Due to the proliferation of these wireless devices and the potential for interference therebetween as well as interference with other electronic devices, standards have been promulgated both by the Federal Communications Commission (FCC) and by the various governing bodies that limit emissions for certain types of wireless devices. For example, in Code Division Multiple Access (CDMA) systems, very stringent rules control the power levels of CDMA devices within a cell. This helps limit cross channel interference to acceptable levels. While CDMA systems have one of the more visible power control algorithms, other standards and protocols may also be concerned with controlling the power of transmitters. As another example, Global System for Mobile Communications (GSM) has particular requirements specified in GSM Recommendations 05.05 (subsections 4.2.2 and 4.5.2, and Annex 2) that control the spectral frequency mask for the ramp up and ramp down of the power amplifier output. The GSM rules are in place to prevent interference between communications occurring in time slots operating at the same frequency.
To control power output by transmitters, most transmitters incorporate some form of feedback loop that measures the power proximate the antenna of the transmitter. Specifically, most conventional transmitters measure the power levels between the power amplifier and the antenna. Then, the gain of the power amplifier is adjusted so that the power amplifier outputs the desired output power based on the measured power levels.

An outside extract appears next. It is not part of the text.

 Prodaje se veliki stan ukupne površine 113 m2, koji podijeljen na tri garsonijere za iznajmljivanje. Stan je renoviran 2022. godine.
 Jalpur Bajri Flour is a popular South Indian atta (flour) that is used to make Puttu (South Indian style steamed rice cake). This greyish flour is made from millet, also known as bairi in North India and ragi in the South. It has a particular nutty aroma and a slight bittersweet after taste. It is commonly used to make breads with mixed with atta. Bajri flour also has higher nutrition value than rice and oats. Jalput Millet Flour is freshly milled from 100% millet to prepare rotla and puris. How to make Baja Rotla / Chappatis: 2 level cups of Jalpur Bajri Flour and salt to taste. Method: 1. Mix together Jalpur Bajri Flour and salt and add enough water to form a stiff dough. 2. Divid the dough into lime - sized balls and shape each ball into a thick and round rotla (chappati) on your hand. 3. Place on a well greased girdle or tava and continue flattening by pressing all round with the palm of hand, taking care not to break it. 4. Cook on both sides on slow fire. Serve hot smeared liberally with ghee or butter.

As an alternative to the feedback loop used by many manufacturers, the assignee of the present invention makes the RF 5117 power amplifier which incorporates power sense circuitry into the power amplifier. While this methodology is suitable for many applications, it remains possible that the designers of mobile terminals may have different requirements in which having the power sense circuitry incorporated into the power amplifier is unacceptable.
Prior to the technique used in the RF 5117, most detection circuits used a detector diode and capacitor to form a half-wave rectifier. The output of this detector was then compared to a reference voltage. The comparison generated an error signal that was used to control the gain of the amplifier. This arrangement worked reasonably well, but errors in the difference between the reference voltage and the output of the detector translated to inaccurate power levels being output by the amplifier. Two common sources of error in this difference are temperature variations or variations in the power supply voltage.

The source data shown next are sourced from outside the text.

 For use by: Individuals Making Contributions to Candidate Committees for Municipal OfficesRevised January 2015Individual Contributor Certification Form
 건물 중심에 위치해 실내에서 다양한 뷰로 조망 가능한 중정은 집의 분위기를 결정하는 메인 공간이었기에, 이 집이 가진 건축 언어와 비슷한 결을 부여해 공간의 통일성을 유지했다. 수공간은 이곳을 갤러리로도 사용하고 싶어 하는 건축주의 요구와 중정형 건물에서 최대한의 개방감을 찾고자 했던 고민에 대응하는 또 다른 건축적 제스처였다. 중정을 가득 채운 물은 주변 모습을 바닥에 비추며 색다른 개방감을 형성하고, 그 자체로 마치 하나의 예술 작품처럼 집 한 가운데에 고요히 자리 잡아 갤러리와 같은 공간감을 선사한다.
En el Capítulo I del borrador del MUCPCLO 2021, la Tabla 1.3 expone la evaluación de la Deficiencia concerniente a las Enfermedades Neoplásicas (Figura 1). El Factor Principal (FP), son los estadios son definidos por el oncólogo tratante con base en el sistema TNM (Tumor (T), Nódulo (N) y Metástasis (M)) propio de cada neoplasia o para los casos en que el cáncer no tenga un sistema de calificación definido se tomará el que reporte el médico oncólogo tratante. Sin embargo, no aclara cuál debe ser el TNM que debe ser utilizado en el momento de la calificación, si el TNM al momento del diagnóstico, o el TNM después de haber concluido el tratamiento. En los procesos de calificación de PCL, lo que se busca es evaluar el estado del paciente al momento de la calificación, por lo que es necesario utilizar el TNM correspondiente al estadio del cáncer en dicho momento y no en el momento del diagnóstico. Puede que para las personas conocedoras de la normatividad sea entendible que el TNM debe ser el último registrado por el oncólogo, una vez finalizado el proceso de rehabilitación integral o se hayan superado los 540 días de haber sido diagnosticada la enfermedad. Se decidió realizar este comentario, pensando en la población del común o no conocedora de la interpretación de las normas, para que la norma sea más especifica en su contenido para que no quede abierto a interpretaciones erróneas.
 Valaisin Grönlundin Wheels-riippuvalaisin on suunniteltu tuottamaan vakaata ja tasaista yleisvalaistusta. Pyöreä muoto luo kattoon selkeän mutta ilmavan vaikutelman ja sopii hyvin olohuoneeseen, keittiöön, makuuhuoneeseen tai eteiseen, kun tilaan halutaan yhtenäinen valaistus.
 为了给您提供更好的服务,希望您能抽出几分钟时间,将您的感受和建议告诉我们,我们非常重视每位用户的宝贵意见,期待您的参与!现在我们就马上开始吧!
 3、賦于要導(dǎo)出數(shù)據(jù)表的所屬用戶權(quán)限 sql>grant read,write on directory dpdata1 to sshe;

Motorola has produced a detector that is reasonably tolerant to changes in temperature and power supply voltages as evidenced by U.S. Pat. No. 5,448,770. However, this device has been made in a silicon bipolar process and is unsuitable for implementation in a Gallium Arsenide (GaAs) process. GaAs provides a higher breakdown voltage, has a lower forward turn-on voltage, lower series resistance, and a high cut-off frequency. This combination of factors makes the use of GaAs for circuit design attractive. Thus, there remains a need for a detector that is resistant to errors that result from changes in temperature, resistant to errors that result from variations in power supply voltages, and is capable of being implemented in GaAs processes.